● What is expected
Retype word for word the first line of the listing and each line after it up to the line with "Il faretto da", with the pictures taken out.

● Available data

--*--

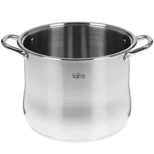 Кастрюля вмещает 13.6 литров, что позволяет готовить блюда в больших объемах. Посуда из нержавеющей стали легко очищается от загрязнений, радует длительным сроком службы. Допускается готовка на простой или индукционной плите, ручная или очистка в посудомоечной машине.
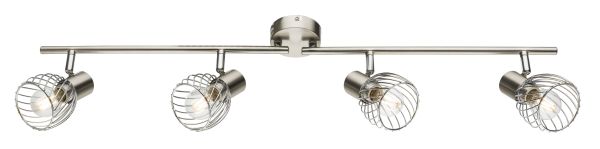Il faretto da soffitto di questa serie di prodotti convince per la combinazione di design e lavorazione. La combinazione di materiali di metallo nichel opaco e di paralumi a gabbia metallica fornisce quel qualcosa di speciale. I quattro spot, fissi e mobili su due bracci rettilinei, sono dotati ciascuno di una presa E14, che permette di scegliere la lampadina da soli (max.40W) per decidere l'intensità e il colore della luce. Grazie al loro risparmio energetico e alla loro lunga durata, raccomandiamo le lampadine a LED. Con altre plafoniere della stessa serie di prodotti si potrà completare il quadro in ogni stanza.
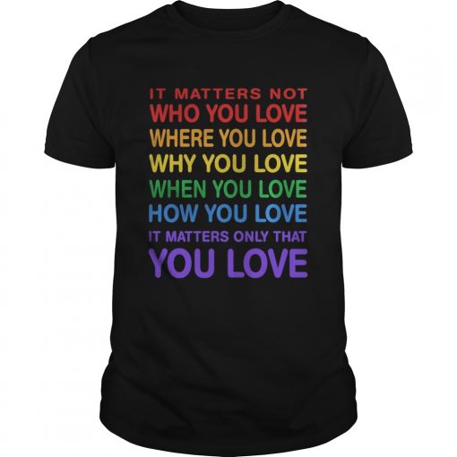 LGBT it matters not who you love where you love why you love when you love how you love it matters, hoodie, sweater, longsleeve and ladies t-shirt

--*--

● Answer for the task
 Кастрюля вмещает 13.6 литров, что позволяет готовить блюда в больших объемах. Посуда из нержавеющей стали легко очищается от загрязнений, радует длительным сроком службы. Допускается готовка на простой или индукционной плите, ручная или очистка в посудомоечной машине.
Il faretto da soffitto di questa serie di prodotti convince per la combinazione di design e lavorazione. La combinazione di materiali di metallo nichel opaco e di paralumi a gabbia metallica fornisce quel qualcosa di speciale. I quattro spot, fissi e mobili su due bracci rettilinei, sono dotati ciascuno di una presa E14, che permette di scegliere la lampadina da soli (max.40W) per decidere l'intensità e il colore della luce. Grazie al loro risparmio energetico e alla loro lunga durata, raccomandiamo le lampadine a LED. Con altre plafoniere della stessa serie di prodotti si potrà completare il quadro in ogni stanza.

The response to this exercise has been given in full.